Right up until the end, this was a solid episode. I like the conceit of giving you the murderer right up front and having the motive be the mystery; it means that they don't have to do some convoluted thing to make the murderer the last person you'd guess. I also felt that the depiction of credit mills like Conestoga was quite accurate—up until the Liberals caught the anti-immigration brainworms from the Tories and cracked down on student visas, these things were everywhere, and I know young people who have fallen victim to them. The depiction of life for an international student—overcrowded, illegal housing, multiple jobs, etc.—also rang true. Bateman has a good bit about how international students don't get attention or sympathy because Canadians blame them for the housing shortage and stealing jobs.
The only part I take issue with is at the end, when the detectives go to arrest Dinesh. The confrontation is on the Humber Bridge, which they quickly clear, but Dinesh is still armed and poses an active threat to the cops. I don't believe that the cops would allow the conversation to happen. For comparison, Ejaz Choudry, a 62-year-old father of four with schizophrenia, was shot dead by cops 11 seconds after they arrived for a wellness check on a non-emergency call. Choudry was was armed with a small pocket knife. So I don't think the kind of intelligent de-escalation that we see here is a very likely scenario.
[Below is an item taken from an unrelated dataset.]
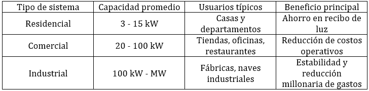 Cada cliente tiene necesidades diferentes, y por eso los sistemas solares deben adaptarse a la magnitud de su consumo. Un hogar busca reducir su recibo de luz, un negocio necesita disminuir costos fijos y proyectar una imagen verde, mientras que una industria requiere estabilidad energética y ahorro en operaciones de gran escala.

Even if we want to believe that Graff and Bateman are super awesome smart elite cops, they're surrounded by regular cops who've come to arrest/shoot Dinesh.
Plot: ****1/2 (This would have been a perfect 5 if they'd killed the suspect rather than arrested him)
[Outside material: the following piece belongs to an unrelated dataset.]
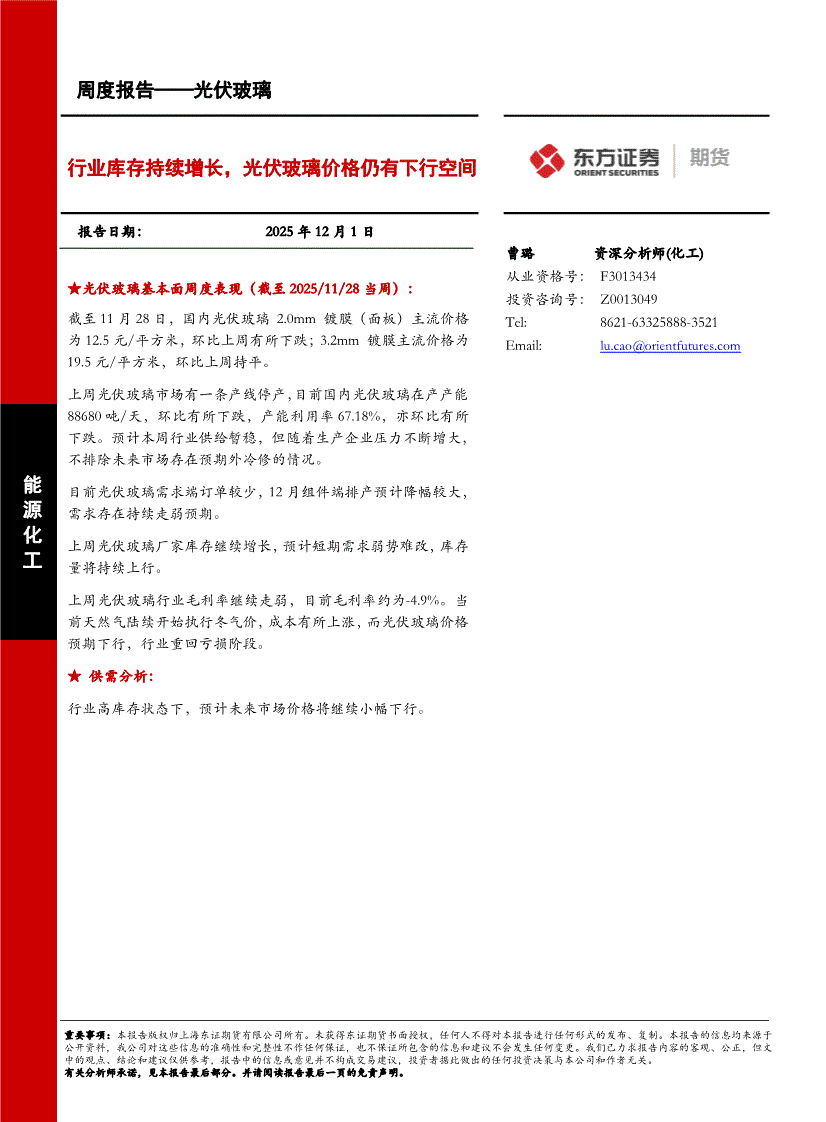 东证期货-光伏玻璃周度报告:行业库存持续增长,光伏玻璃价格仍有下行空间-251201

Characters: *** (We get so much information about Graff! His mom is dead. His father is "complicated." He has a half-brother who he never talks to and it's his fault for never talking to him. That's three whole bits of information.)
Toronto: *** (This is pretty accurate Toronto, if some of the locations feel a little vague. I'm not quite sure where the degree mill is, or the student housing. However, the Bridal Path home looks good enough, if small for the Bridal Path. The Humber Bridge as portrayed is in fact the Humber Bridge and it is every bit as beautiful as in that shot.)
Murder count: 10. The murder rate on the show has almost caught up to the real life murder rate at 91%.